Networks riddled with vulnerabilities

Security experts have warned that there is at least one vulnerability in the network layer of every corporate network.

The research also found that almost all networks have at least one vulnerability in the application layer.

Security firm Orthus this week published an analysis of 100 in-depth security tests conducted over the past five years,

The firm claims that this provides an insight into how security weaknesses and attack vectors have evolved, and how organisations' defences have changed in response.

The analysis looked at the results from 100 baseline security testing engagements delivered since the beginning of 2004 across a range of industry sectors including banking, insurance, finance, retail, manufacturing, transport, utilities, health and education.

The study found that 100 per cent of tests found at least one security vulnerability at the network level, and 97 per cent of tests found at least one vulnerability at the application level.

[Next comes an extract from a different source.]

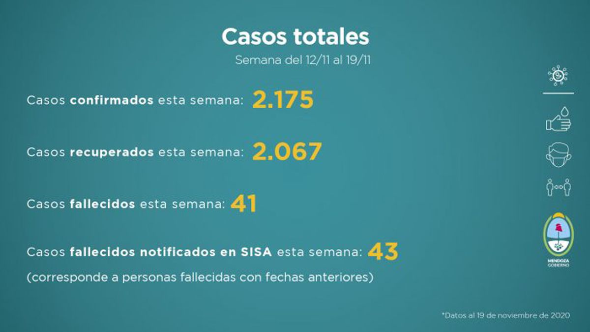 En cuanto a la cantidad de casos de COVID-19 en la semana del 12 al 19 de noviembre de 2020, a las 21.15, es de 2.175 confirmados, 2.067 recuperados, 41 fallecidos y 43 casos fallecidos notificados en SISA esta semana (corresponde a personas fallecidas con fechas anteriores).

Orthus said that network layer weaknesses have come down from an average of 14 per test in 2004 to an average of six in tests delivered during 2008, a reduction of 57 per cent.

But application layer weaknesses have increased from eight per test in 2004 to 12 per test in 2008, a 50 per cent rise.

Orthus said that the analysis highlights an improvement in the way organisations are hardening and configuring network devices and servers prior to use in production environments.

But some vulnerabilities are inevitably still present and more than half of these are attributable to weak operational security processes, in particular inadequate patch management programmes.

SQL injection and other SQL weaknesses increased 25 per cent, cross-site scripting increased 23 per cent, and input validation issues increased 15 per cent.

SSL related issues went up by seven per cent, authentication related issues increased nine per cent and information leakage increased five per cent.

Richard Hollis, managing director of Orthus, said: "Security teams are getting better at eradicating network and operating system related issues, but the application layer is less well addressed.

"Companies need to adopt secure coding guidelines as part of a comprehensive secure software development lifecycle.

"It can be done. The three per cent of applications that were extremely well-written and configured when tested are proof of that."

But Hollis added that organisations that outsource web application development in particular should provide security standards to their partners and insist on periodic independent code reviews as well as application testing of every major release.

"Issues fixed in one release have a habit of reappearing in the next," he said.